Forbes Technology Council

Co-founder and CEO of Windward (Lon: WNWD), AI entrepreneur.

Machine learning (ML) and artificial intelligence (AI) have almost become buzzwords at this point, but what do they really mean? On the simplest level, they are basically software that can learn from previous data and then offer predictions on the future.

Vertical software is designed for a specific industry or domain. In the maritime industry, for example, vertical software would fuse shipping and AI expertise to optimize shipping routes and make informed decisions. This is called maritime AI.

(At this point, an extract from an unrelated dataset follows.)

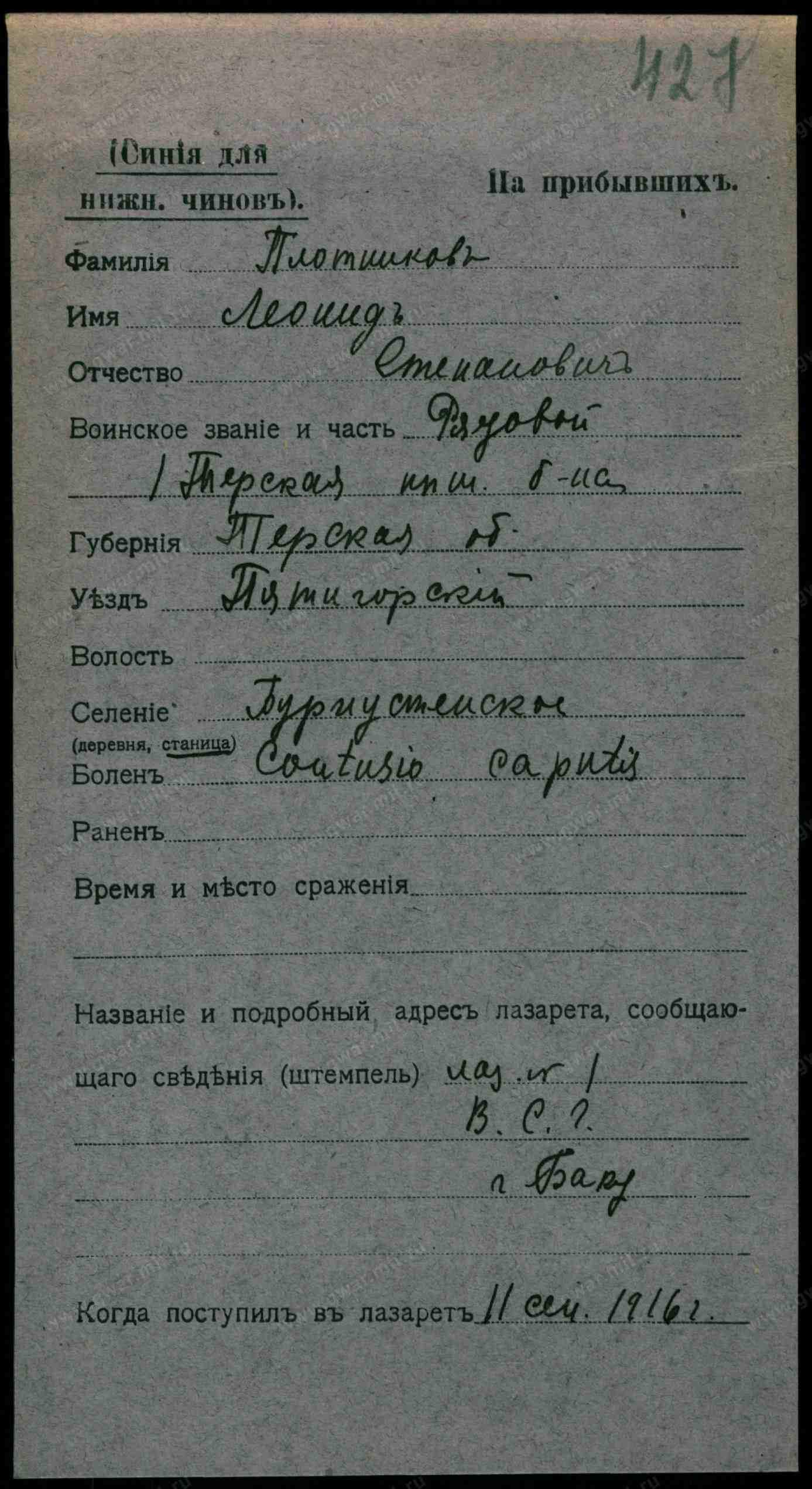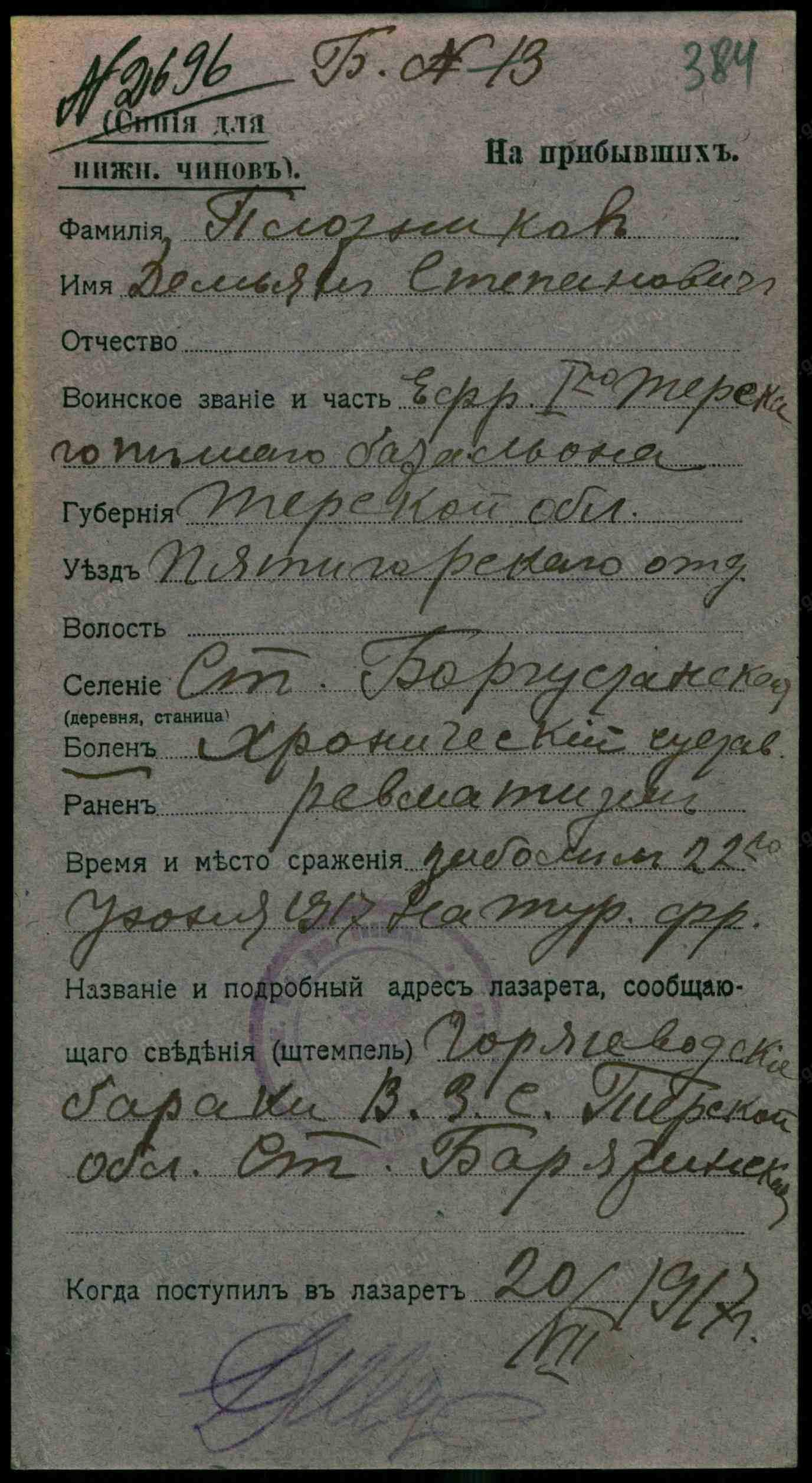 Гв. красноармеец, __.__.1903 Ставропольский край, Суворовский р-н, станица Боргустан. Сводная картотека
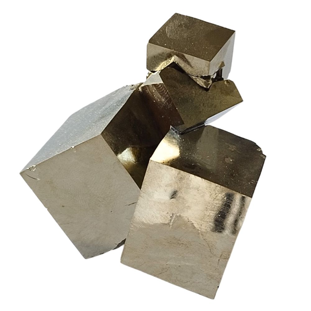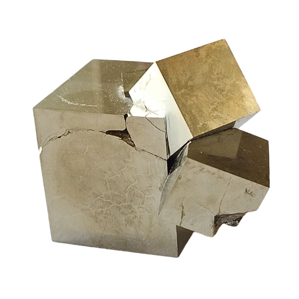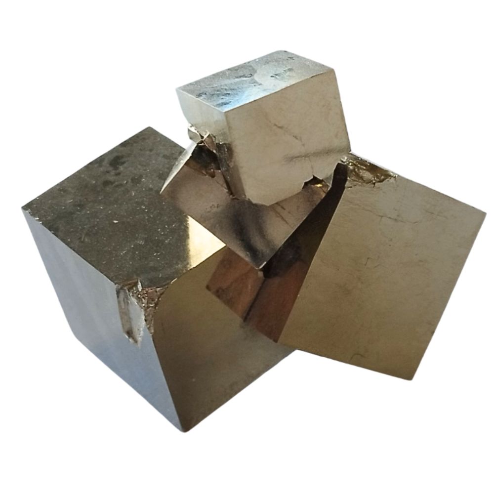 Lo que hace que estas piezas sean tan especiales es su formación como maclas: múltiples cristales individuales de pirita que han crecido interpenetrados en una relación geométrica definida, creando una estructura compleja y visualmente impactante. La disposición y la forma de estas maclas varían, lo que convierte cada pieza en un tesoro singular. Es el regalo perfecto para amantes de los minerales o una adición esencial para tu propia colección.

How accurate are machine learning and artificial intelligence when it comes to vertical software? The data shows that if the data pool is deep enough and the models are being trained (retrained, actually) often, prediction accuracy significantly increases when compared with the predictions of ML and AI solutions that are not meeting those requirements.

The Quality Of The Input Determines The Outcome

An AI model, whether it uses machine or deep learning, is initially only as good as the data used for training during the early stages. The model will look at a huge amount of data and learn different patterns and behaviors to predict future behavior.

A model will not be able to predict events that never happened or a completely new behavior that cannot be derived from past examples.

In a world of constant change, an active model that is not retrained and enriched with new data is not up to date, and its predictions will suffer as a result.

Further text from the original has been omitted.